And in general I think it's nice to have a consistent rule for people to follow when coming across new linear APIs that terminal operations return Ur and intermediate operations return non-Ur.

changlinli avatar Feb 19 '22 05:02 changlinli

My method works without the top level 1, but then you need the to put a 1 on the let:

import Data.Vect
import Data.DPair

data Arr : Type -> Type -> Type where
newArray : (size : Int) -> (1 _ : {0 s : Type} -> (1 _ : Arr s t) -> LPair a (Arr s t)) -> a
write : (1 _ : Arr s t) -> Int -> t -> Res Bool (const (Arr s t))

test : ()
test = newArray {t=String} 3 $ \a =>
    let _ # a = write a 0 "foo"
        1 a = newArray {t=String} 1 $ \b =>
            let _ # a = write a 1 "bar"
                _ # b = write b 0 "foo"
            in  a # b
        _ # a = write a 2 "baz"
    in () # a

I believe my method allows interweaving newArray with other linear things. I think Ur prevents interweaving.

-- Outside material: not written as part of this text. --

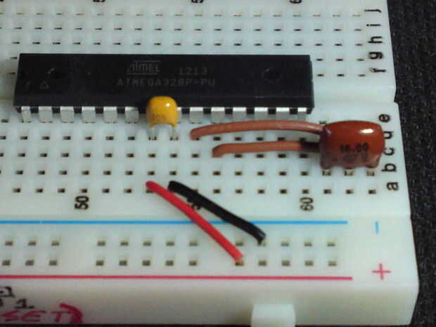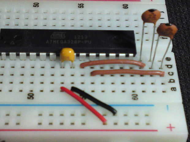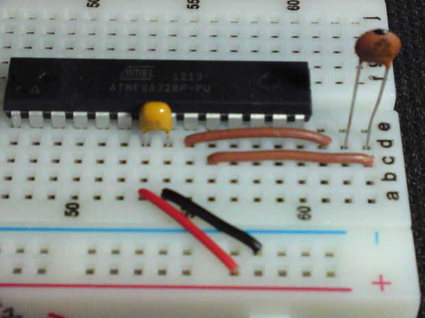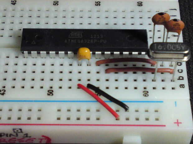 Ahora antes de proceder cualquier otro - este es el tiempo para SLIP ON un Writband antiestático para asegurarse de que no accidentalmente destruir o dañar el precioso ATMEGA328P PU microcontrolador como vas al lugar de lo en el protoboard para este paso y he señalado un buen número de veces el muyREAL-amenaza/s de Daños por ESD en componentes que son susceptibles a este tipo de daño y si sabes lo que tu hacer jus me ignoran en la práctica del senderismo y continuar con esta guía, pero tenga en cuenta que sin la adecuada prevención de ESD - esencialmente podría dañar el Chip ATMEGA y necesariamente no se verán inmediatamente que su estado dañado pero aún podría tomar meses antes de falle completamente así que la prevención es mejor que una cura siempre digo (Fondo de reparación de computadoras para mí!) así que como observan cuidadosamente estos consejos no debería ser ningún problema...

michaelmesser avatar Feb 19 '22 07:02 michaelmesser

I'm a newbie, so I'm sorry if this is a silly question. I don't understand why

f : (_ : 1 a) -> a
f x = x

is well-typed. Rust, for example, would not allow the analogous code, because you're returning a unique object in a context where it is not guaranteed to be unique. That seems to be what's going on in the OP's example.

ellbur avatar May 20 '22 00:05 ellbur

OK, I think I may have answered my own question. Again, I'm sorry for not understanding things.

\x => x is allowed to have type (_ : 1 a) => a) because it is guaranteed to use the argument only once on the condition that the result is only used once. Thus, there is a secret 1 on the result whenever the argument is 1. So when you feed a 1 value to a (_ : 1 a) => a, the result is a 1 value. Ok. Got that now.

Then, the problem with e.g.,

makeArray : Int => t => Array t

is that you want to make the result 1, but you can only do that if there's a 1 argument. There's no way to make a 1 come out of nowhere.

That's why people are talking about a World type. The World type doesn't do anything, but it tricks the compiler into making the result 1. I see that now! Sorry for being slow.

But then I wonder... is there any reason the language couldn't allow you to produce a 1 value out of nowhere? I note you can do this in Rust, which is the only language I have experience with. But I don't know if that would cause some problems in Idris due to some difference between Idris and Rust.

ellbur avatar May 20 '22 00:05 ellbur